Open **http://127.0.0.1:8765** in your browser. You should see a search interface where you can browse conversations, filter by agent, and expand context around results.

### Step 5: Connect your agent via MCP (optional)

This is the key step — it gives your AI agent direct access to Claw Recall's memory tools. See the [MCP Tools](#mcp-tools) section below.

---

## How It Works

```

Session Files (.jsonl)  ──→  indexer  ──→  SQLite DB  ──→  CLI / REST API / MCP

Gmail / Drive / Slack   ──→  capture  ──↗                  (agents query here)

Manual notes            ──→  capture  ──↗

```

Claw Recall watches your agent session files, indexes every message into SQLite with FTS5 full-text search, and optionally generates embeddings for semantic search. Three access layers let agents query from anywhere:

| Transport | Use Case | Start Command |

|-----------|----------|---------------|

| **MCP stdio** | Agents on the same machine | `python3 -m claw_recall.api.mcp_stdio` |

| **MCP SSE** | Agents on remote machines | `python3 -m claw_recall.api.mcp_sse` |

| **REST API** | Scripts, web UI, HTTP clients | `python3 -m claw_recall.api.web` |

---

## MCP Tools

[MCP (Model Context Protocol)](https://modelcontextprotocol.io/) is the standard way AI agents discover and use tools. Claw Recall exposes 8 tools via MCP — once connected, your agent can search conversations, capture insights, and recover context automatically.

| Tool | What It Does |

|------|-------------|

| **`search_memory`** | Search ALL sources in one call — conversations, thoughts (Gmail/Drive/Slack), and files. Auto-detects keyword vs semantic. |

| **`browse_recent`** | Full transcript of the last N minutes. The go-to tool for context recovery after compaction. |

| **`capture_thought`** | Save an insight so any agent can find it later. |

| `search_thoughts` | Search captured thoughts only. |

| `browse_activity` | Session summaries across agents. |

| `poll_sources` | Trigger Gmail/Drive/Slack polling. |

| `memory_stats` | Database statistics. |

| `capture_source_status` | External source capture stats. |

### Connect a Local Agent (stdio)

Use this when your agent runs **on the same machine** as Claw Recall. The agent communicates directly through stdin/stdout — no network needed.

**Claude Code** — add to `~/.claude.json` (create the file if it doesn't exist):

```json

{

  "mcpServers": {

    "claw-recall": {

      "command": "python3",

      "args": ["-m", "claw_recall.api.mcp_stdio"],

      "env": { "PYTHONPATH": "/home/youruser/claw-recall" }

    }

  }

}

```

**Replace `/home/youruser/claw-recall`** with the actual path where you cloned the repo (run `pwd` inside the claw-recall directory to find it).

After saving the file, **restart Claude Code** for the tools to appear. You can verify by asking Claude Code: *"What MCP tools do you have access to?"* — it should list `search_memory`, `browse_recent`, etc.
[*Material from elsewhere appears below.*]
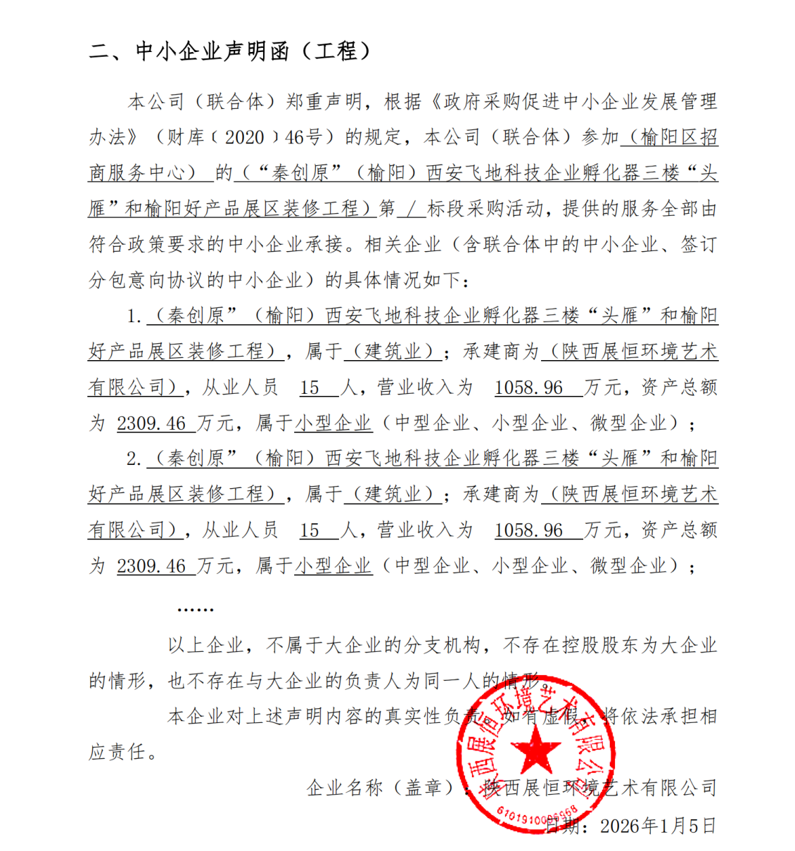 四、主要标的信息合同包1(“秦创原”(榆阳)西安飞地科技企业孵化器三楼“头雁”和榆阳好产品展区装修工程): 工程类(陕西展恒环境艺术有限公司)
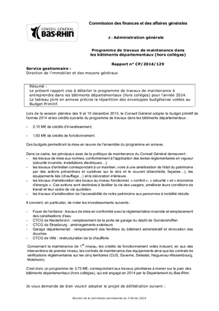 Le présent rapport vise à détailler le programme de travaux de maintenance à entreprendre dans les bâtiments départementaux (hors collèges) pour l’année 2014. Le tableau joint en annexe précise la répartition des enveloppes budgétaires votées au Budget Primitif.

**OpenClaw** — add to your agent config (typically `~/.openclaw/openclaw.json` or `~/.openclaw/agents//agent/config.json`):

```json

{

  "mcpServers": {

    "claw-recall": {

      "command": "python3",

      "args": ["-m", "claw_recall.api.mcp_stdio"],

      "env": { "PYTHONPATH": "/home/youruser/claw-recall" }

    }

  }

}

```

**Other MCP clients** — any client that supports the MCP stdio transport uses the same JSON structure. Check your client's documentation for where to put MCP server configs.
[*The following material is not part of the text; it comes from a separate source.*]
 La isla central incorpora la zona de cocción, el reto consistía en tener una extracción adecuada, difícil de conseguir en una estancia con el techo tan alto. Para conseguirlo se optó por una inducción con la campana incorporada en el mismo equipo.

### Connect a Remote Agent (Streamable HTTP)

Use this when your agent runs on a **different machine** from Claw Recall (e.g., Claw Recall is on a VPS, your agent is on your laptop).
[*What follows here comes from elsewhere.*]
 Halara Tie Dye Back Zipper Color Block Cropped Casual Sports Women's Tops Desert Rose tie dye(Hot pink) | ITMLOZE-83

**Step 1:** Start the MCP server on the Claw Recall machine:

```bash

python3 -m claw_recall.api.mcp_sse

```

**Step 2:** Connect your agent to it:

**Claude Code** — add to `~/.claude.json`:

```json

{

  "mcpServers": {

    "claw-recall": {

      "type": "http",

      "url": "http://your-server:8766/mcp"

    }

  }

}

```

**OpenClaw / mcporter / other MCP clients:**

```json

{

  "mcpServers": {

    "claw-recall": {

      "url": "http://your-server:8766/mcp"

    }

  }

}

```

**Replace `your-server`** with the IP address or hostname of the machine running Claw Recall. If both machines are on a VPN like Tailscale, use the Tailscale IP.

> **Tip:** Claude Code stores MCP configs in `~/.claude.json` — not `~/.claude/settings.json`. If tools don't appear after restart, check for project-level overrides under `projects..mcpServers`.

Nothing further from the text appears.